[Material supplied Boundary: Start]

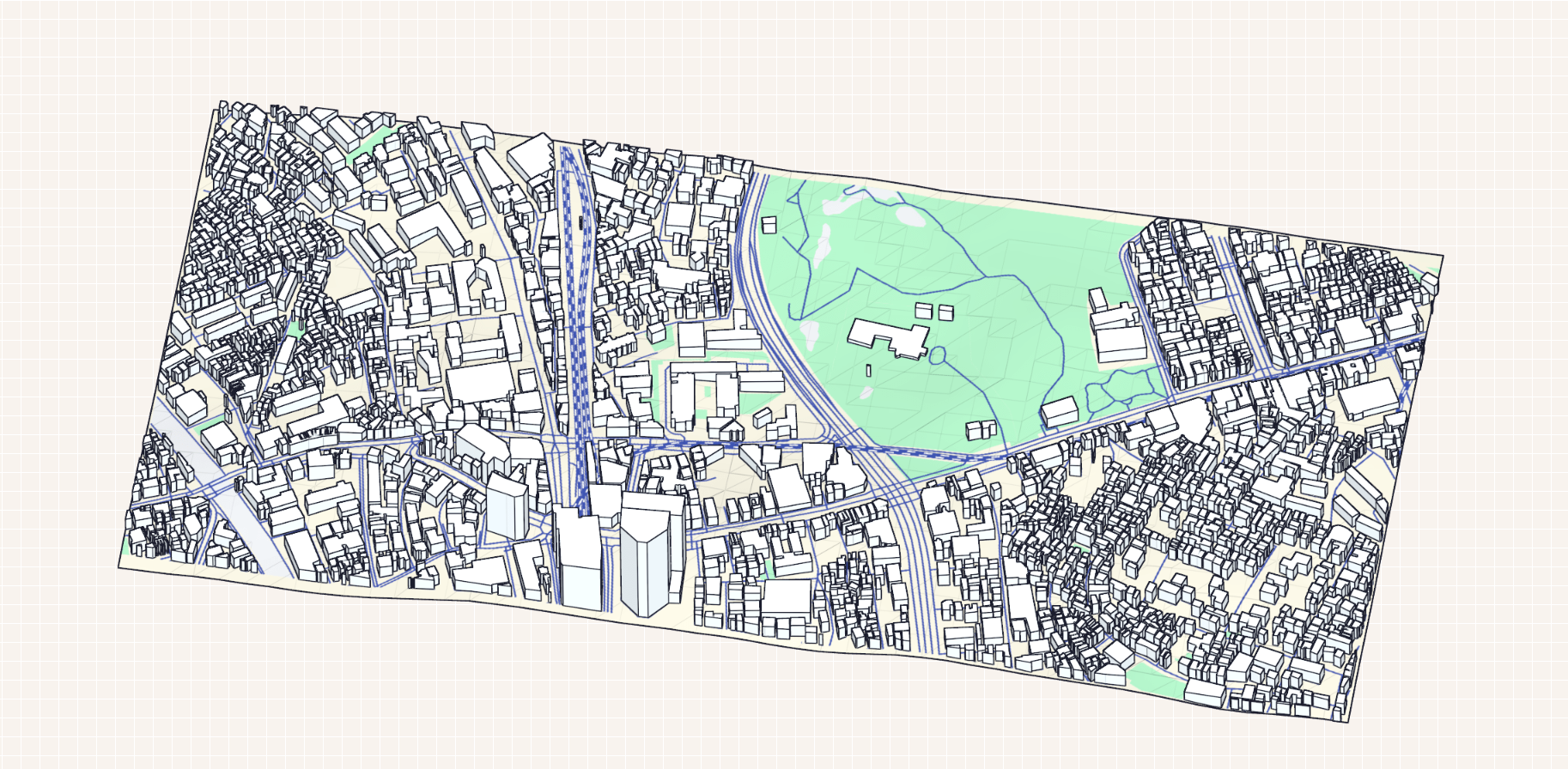 Settings: Road centerlines, 3D buildings (no value = 50.0 m)
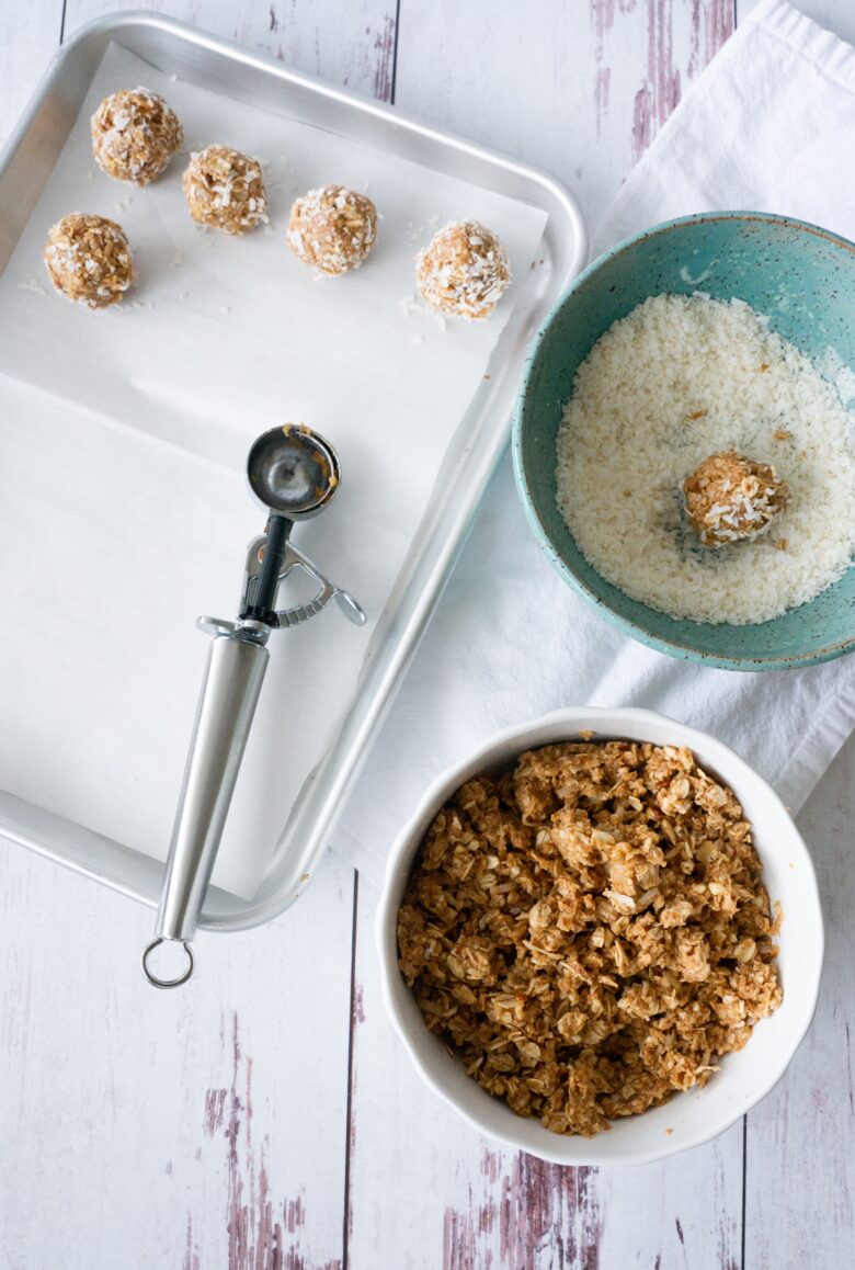 - Roll the formed bites in 1/2 cup coconut if desired.
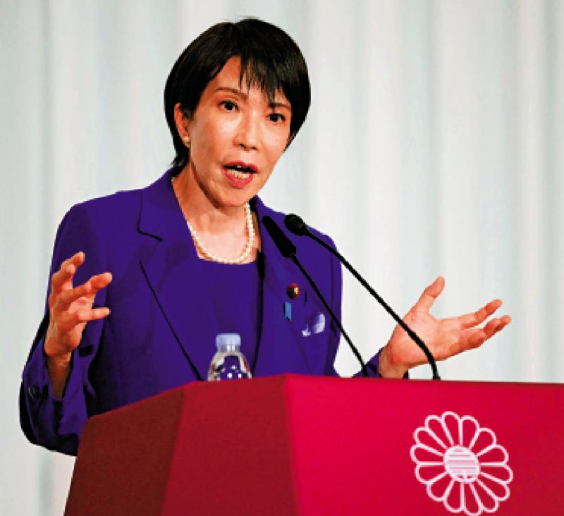 圖:高市早苗4日在東京出席自民黨總裁選舉後的新聞發布會。\美聯社
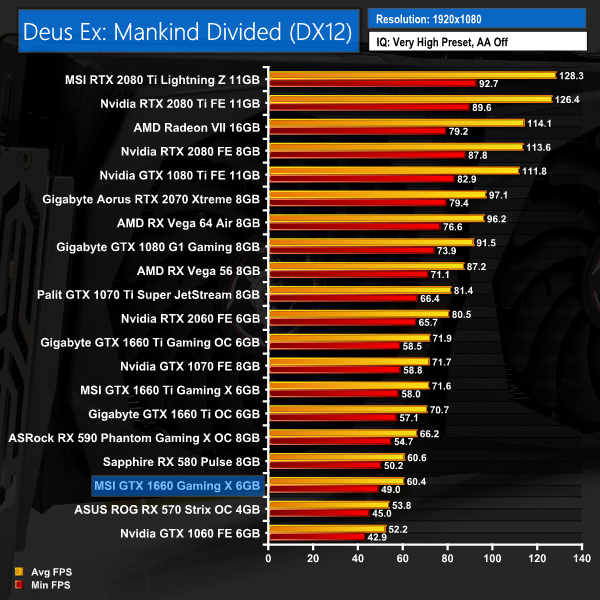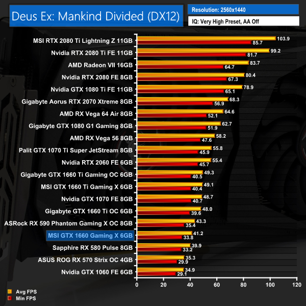 Deus Ex: Mankind Divided puts the GTX 1660 closer to the RX 580 at 1080p, with the RX 590 about 6FPS faster. At 1440p, however, things level out with the RX 590 barely 2FPS faster than the 1660.
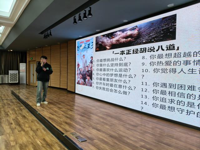 趣味互动和表彰结束后,刘亚萍辅导员化身“励志小天使”,结合《飞驰人生3》的经典台词和内核,跟同学们分享感悟。她用“生活总在熄火,但热爱总能重启”等金句,告诉大家青春不只是比输赢,坚守热爱、永不放弃才是王道。
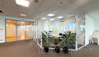 Формат — open space с выделенными кабинетами, переговорными и кухонной зоной, предусмотрены собственные санузлы. Планировка позволяет гибко использовать пространство под разные форматы бизнеса.
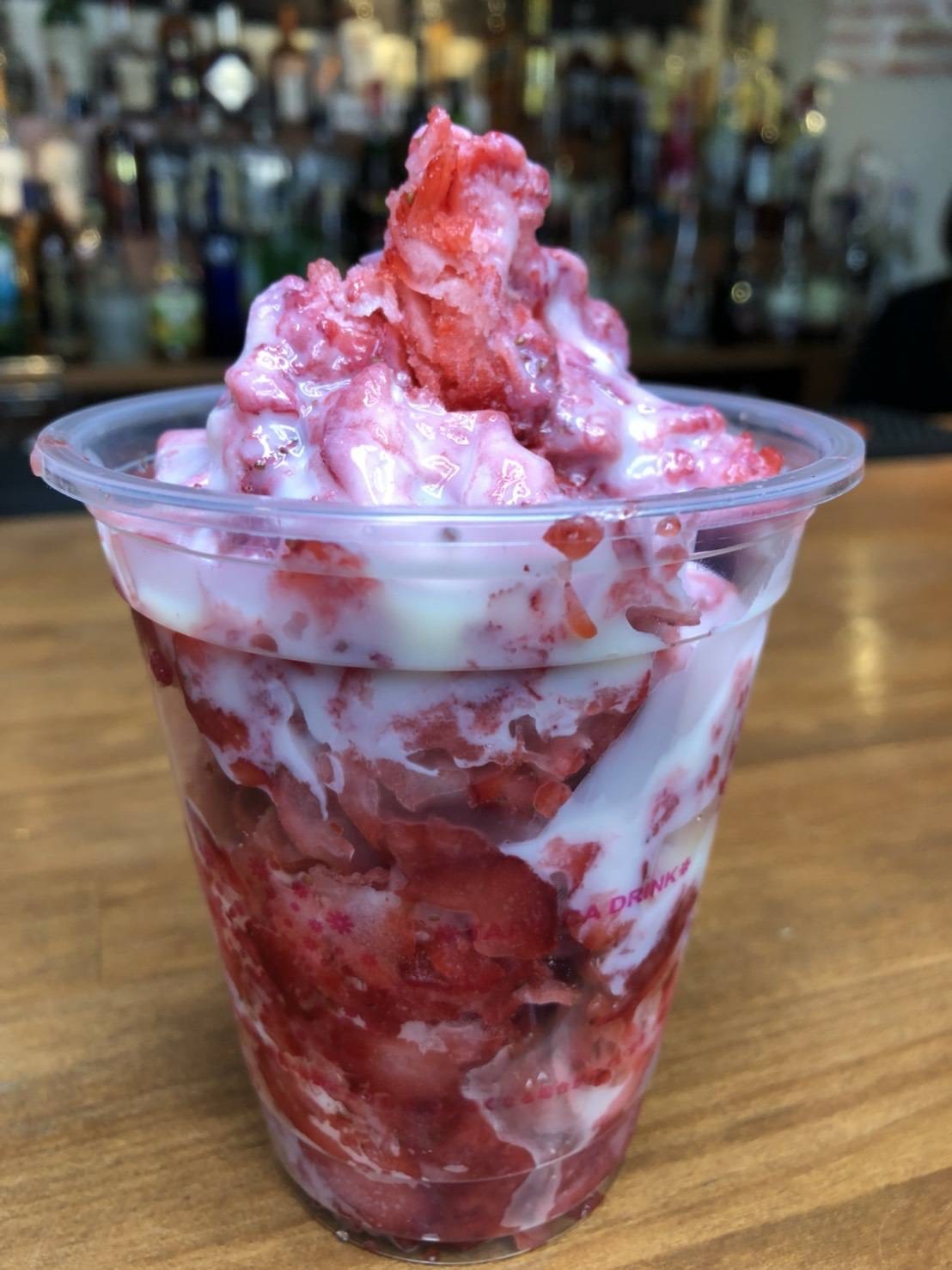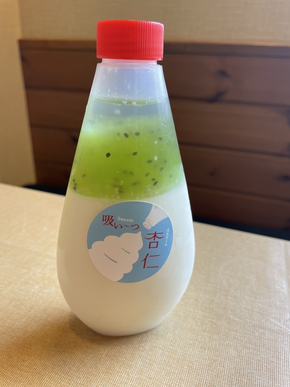 岐阜洞戸で採れた完熟のキウイフルーツをシロップにして、FC岐阜のユニホームカラーをイメージした見た目も味も他に負けない杏仁に仕上げました。

[Material supplied Boundary: End]

Exercise details: Type the listing above out again exactly, and omit all pictures.

Task output:
 Settings: Road centerlines, 3D buildings (no value = 50.0 m)
 - Roll the formed bites in 1/2 cup coconut if desired.
 圖:高市早苗4日在東京出席自民黨總裁選舉後的新聞發布會。\美聯社
 Deus Ex: Mankind Divided puts the GTX 1660 closer to the RX 580 at 1080p, with the RX 590 about 6FPS faster. At 1440p, however, things level out with the RX 590 barely 2FPS faster than the 1660.
 趣味互动和表彰结束后,刘亚萍辅导员化身“励志小天使”,结合《飞驰人生3》的经典台词和内核,跟同学们分享感悟。她用“生活总在熄火,但热爱总能重启”等金句,告诉大家青春不只是比输赢,坚守热爱、永不放弃才是王道。
 Формат — open space с выделенными кабинетами, переговорными и кухонной зоной, предусмотрены собственные санузлы. Планировка позволяет гибко использовать пространство под разные форматы бизнеса.
 岐阜洞戸で採れた完熟のキウイフルーツをシロップにして、FC岐阜のユニホームカラーをイメージした見た目も味も他に負けない杏仁に仕上げました。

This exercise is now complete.